Мы поддерживаем большинство популярных фреймворков машинного обучения, таких как sklearn, TensorFlow, H2O, R, SAS и т. д.

 

На каких языках необходимо строить модели, чтобы они были поддержаны Datatron?

Мы поддерживаем модели на их родных языках – Python, R, Java и т. д.

 

Какие отрасли лучше всего обслуживаются с помощью платформы Datatron?

По сути, наша платформа является горизонтальным решением, что означает, что она может быть использована многими различными отраслями. На данный момент мы пытаемся сосредоточиться на финансовых услугах и телекоммуникациях.

 

Какие из наиболее сложных аспектов науки о данных сталкиваются компании, и почему Datatron решает эту проблему для них?

Многие компании уже имеют разные команды науки о данных и используют различные инструменты для построения своих моделей и имеют разные практики управления моделями. Все больше и больше предприятий осознают, что модель становится активом и будет напрямую влиять на их верхнюю строку. Иметь платформу, которая может стандартизировать практику машинного обучения во всей компании, становится критически важным и необходимым. Наша платформа может помочь решить эти проблемы.

 

Есть ли что-то еще, что вы хотели бы поделиться о Datatron?

У нас есть много входящих интересов от крупных предприятий. В то же время мы также строим нашу команду продаж и маркетинга, чтобы активно выходить на потенциальных клиентов.

Чтобы узнать больше, посетите Datatron.

Антуан - видный лидер и сооснователь Unite.AI, движимый непоколебимой страстью к формированию и продвижению будущего ИИ и робототехники. Как серийный предприниматель, он считает, что ИИ будет столь же разрушительным для общества, как электричество, и часто увлекается потенциалом разрушительных технологий и ИИ.
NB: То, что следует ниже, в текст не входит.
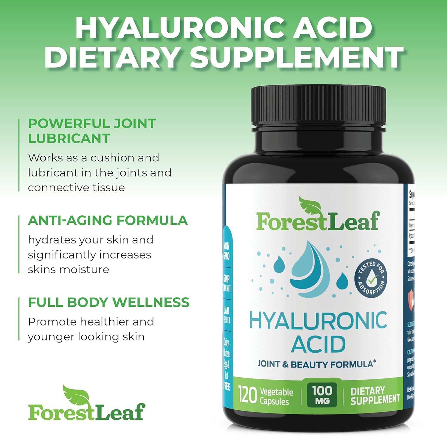 Forestleaf - Hyaluronic Acid Supplements - 120 Vegetable Capsules - 100Mg Dietary Hyaluronic Acid + 50Mg Vitamin C Joint & Anti Aging Beauty Formula - Supports Skin Hydration, Joints, Bones & Hair

Как футуролог, он посвящен изучению того, как эти инновации изменят наш мир. Кроме того, он является основателем Securities.io, платформы, ориентированной на инвестиции в передовые технологии, которые переопределяют будущее и меняют целые сектора.

Раскрытие информации о рекламе: Unite.AI придерживается строгих редакционных стандартов, чтобы предоставлять читателям точную информацию и новости. Мы можем получать вознаграждение, если вы переходите по ссылкам на продукты, которые мы рассмотрели.